|Home | About | Journals | Submit | Contact Us | Français|
Isomerization from uridine to pseudouridine (pseudouridylation) is largely catalyzed by a family of small ribonucleoproteins called box H/ACA RNPs, each of which contains one unique small RNA—the box H/ACA RNA. The specificity of the pseudouridylation reaction is determined by the base-pairing interactions between the guide sequence of the box H/ACA RNA and the target sequence within an RNA substrate. Thus, by creating a new box H/ACA RNA harboring an artificial guide sequence that base-pairs with the substrate sequence, one can site-specifically introduce pseudouridines into virtually any RNA (e.g., mRNA, ribosomal RNA, small nuclear RNA, telomerase RNA and so on). Pseudouridylation changes the properties of a uridine residue and is likely to alter the role of its corresponding RNA in certain cellular processes, thereby enabling basic research into the effects of RNA modifications. Here we take a TRM4 reporter gene (also known as NCL1) as an example, and we present a protocol for designing a box H/ACA RNA to site-specifically pseudouridylate TRM4 mRNA. Disease-related mutation can result in early termination of translation by creating a premature termination codon (PTC); however, pseudouridylation at the PTC can suppress this translation termination (nonsense suppression). Thus, the experimental procedures described in this protocol may provide a novel way to treat PTC-related diseases. This protocol takes 10–13 d to complete.

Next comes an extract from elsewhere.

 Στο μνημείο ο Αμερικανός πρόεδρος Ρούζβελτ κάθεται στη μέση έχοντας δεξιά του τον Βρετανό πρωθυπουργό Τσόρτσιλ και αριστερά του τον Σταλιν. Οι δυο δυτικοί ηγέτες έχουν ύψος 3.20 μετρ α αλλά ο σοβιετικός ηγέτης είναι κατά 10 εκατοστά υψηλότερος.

Pseudouridine (ψ), the 5′-ribosyl isomer of uridine1, was once considered as the fifth ribonucleoside in addition to the four other canonical ribonucleosides, namely adenosine, guanosine, cytidine and uridine2. Compared with uridine, the most distinct feature of ψ is the presence of an extra hydrogen-bond donor at its N1 position (Fig. 1a), which allows ψ to be involved in inter- or intramolecular hydrogen bonding through a water bridge. The water-bridged intramolecular hydrogen-bonding network is formed between the water molecule and the N1 imino-hydrogen and the 5′ phosphate oxygen of ψ as well as the phosphate oxygen of the 5′ preceding nucleotide3. In addition, ψ has been shown to improve base-stacking interactions within RNAs4 and be capable of altering RNA structure5. Furthermore, ψ is more polar than uridine6. In short, the presence of ψ in RNA could profoundly influence the properties of the RNA molecule and the cellular process in which it participates.

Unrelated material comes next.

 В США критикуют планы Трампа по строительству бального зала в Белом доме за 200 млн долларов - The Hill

Pseudouridylation is a naturally occurring process that occurs post-transcriptionally. In eukaryotic nuclei, a group of noncoding RNAs, termed box H/ACA guide RNAs, are responsible for directing site-specific pseudouridylation of ribosomal RNA (rRNA) and spliceosomal small nuclear RNA7,8. Structurally, box H/ACA RNAs assume a functional hairpin-hinge-hairpin-tail conformation9,10 (Fig. 1b). The conserved box `H' (5′-ANANNA-3′, where N is any nucleotide) resides in the hinge region, whereas the box `ACA' (5′-ACA-3′) is located in the tail region just three nucleotides upstream of the 3′ end11. Within each hairpin, there is a single-stranded internal loop termed the pseudouridylation pocket, consisting of two discontinuous tracts of guide sequences (g1 and g1′, and g2 and g2′) that provide pseudouridylation-site specificity (Fig. 1b). Indeed, the guide sequences recognize the substrate RNA by base-pairing interactions12,13. Notably, the uridine residue to be pseudouridylated is always positioned between the two tracts of guide sequences and remains unpaired. The pseudouridylation site is usually 14–16 nt upstream of either box H or box ACA.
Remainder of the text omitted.